AI=artificial intelligence; CEM=challenge ensemble method of eight top performing AIs from DREAM challenge; CI=confidence interval; DREAM=Dialogue on Reverse Engineering Assessment and Methods; FN=false negatives; F=false positives; NA=not applicable; NR=not reported; TN=true negatives; TP=true positives.

*

Inverse probability weighting: negative cases were upweighted to account for the spectrum enrichment of the study population. Patients associated with negative biopsies were downweighted by 0.64. Patients who were not biopsied were upweighted by 23.61.

Applied an inverse probability weighted bootstrapping (1000 samples) with a 14:1 ratio of healthy women to women receiving a diagnosis of cancer to simulate a study population with a cancer prevalence matching a screening cohort.
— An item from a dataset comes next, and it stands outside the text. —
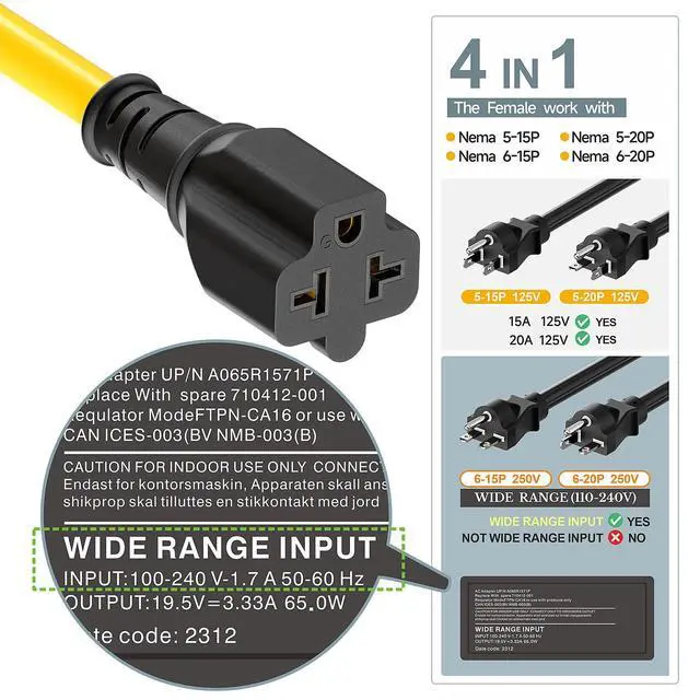 ![Alt view image 6 of 7 - [3-Feet]NEMA 5-15P Extension Cord, NEMA 5-15P to 5-15R/ 5-20R/ 6-15R/ 6-20R AC Adapter, 12AWG 15 Amp to 20 Amp T Blade Adapter Cable, 15A 125V to 20A 250V Extension Cord, 3FT](https://c1.neweggimages.com/productimage/nb640/C5MSD2603160BNHJLDD.jpg)
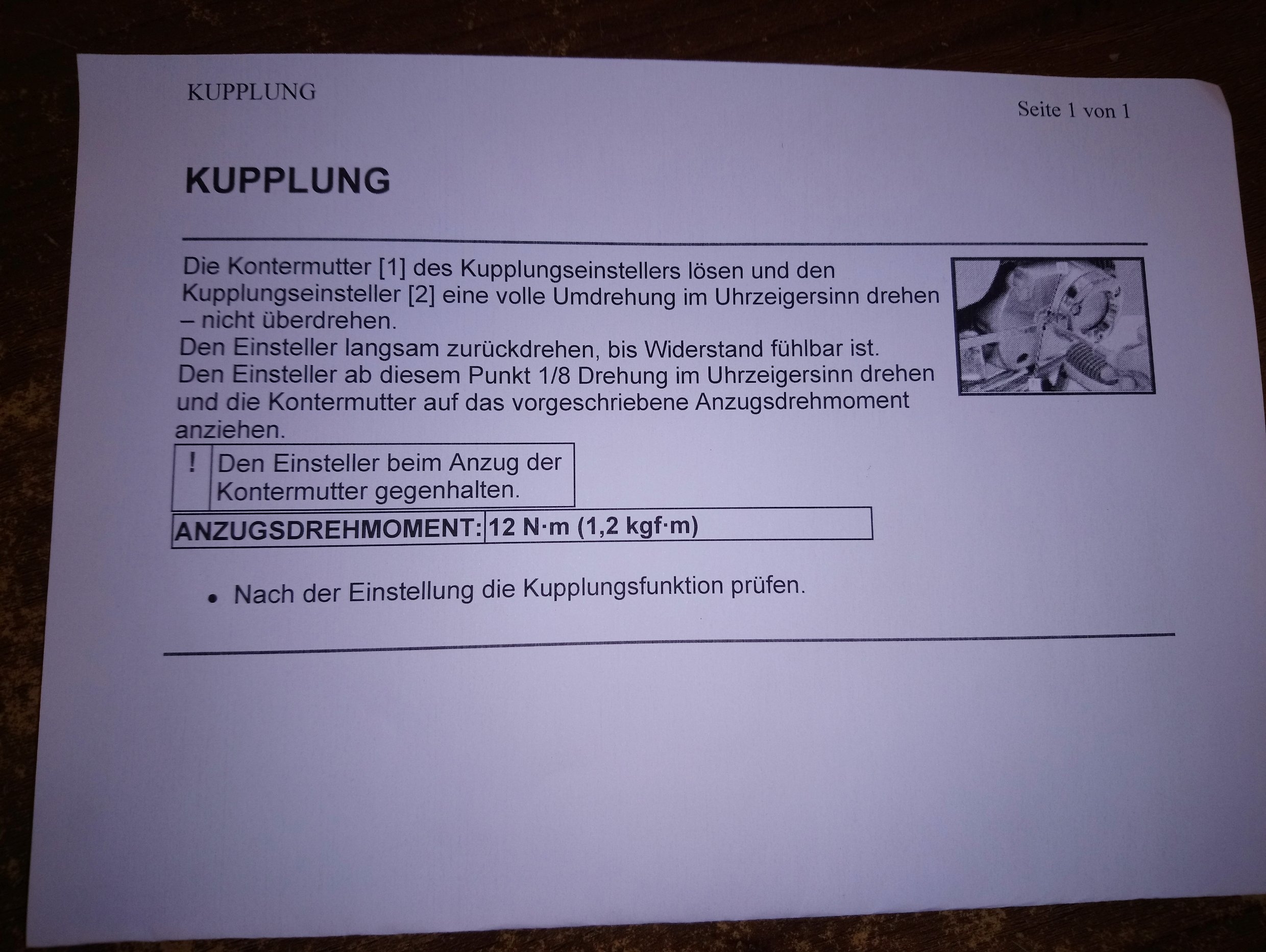 Aber viel wichtiger: Kupplung funzt nach korrekter Justage (werksseitig zu soft)

In addition, the challenge ensemble method prediction was combined with the original radiologist assessment. At the first reader’s sensitivity of 77.1%, CEM+reader 1 resulted in a specificity of 98.5% (95% confidence interval 98.4% to 98.6%), higher than the specificity of the first reader alone of 96.7% (95% confidence interval, 96.6% to 96.8%; P<0.001). At the consensus readers’ sensitivity of 83.9%, CEM+consensus did not significantly improve the consensus interpretations alone (98.1% v 98.5% specificity, respectively). These simulated results of the hypothetical integration of AI with radiologists’ decisions were excluded as they did not incorporate radiologist behaviour when AI is applied.

§

Applied 11 times upsampling of the 6817 healthy women, resulting in 74 987 healthy women and a total simulated screening population of 75 534.

Specificity estimates not based on exact numbers; the numbers were calculated by reviewers from reported proportions applied to 75 334 women (347 screen detected cancers and 74 987 healthy women).

**

In enriched test set multiple reader multiple case laboratory studies where multiple readers asses the same images, there are considerable problems in summing 2x2 test data across readers.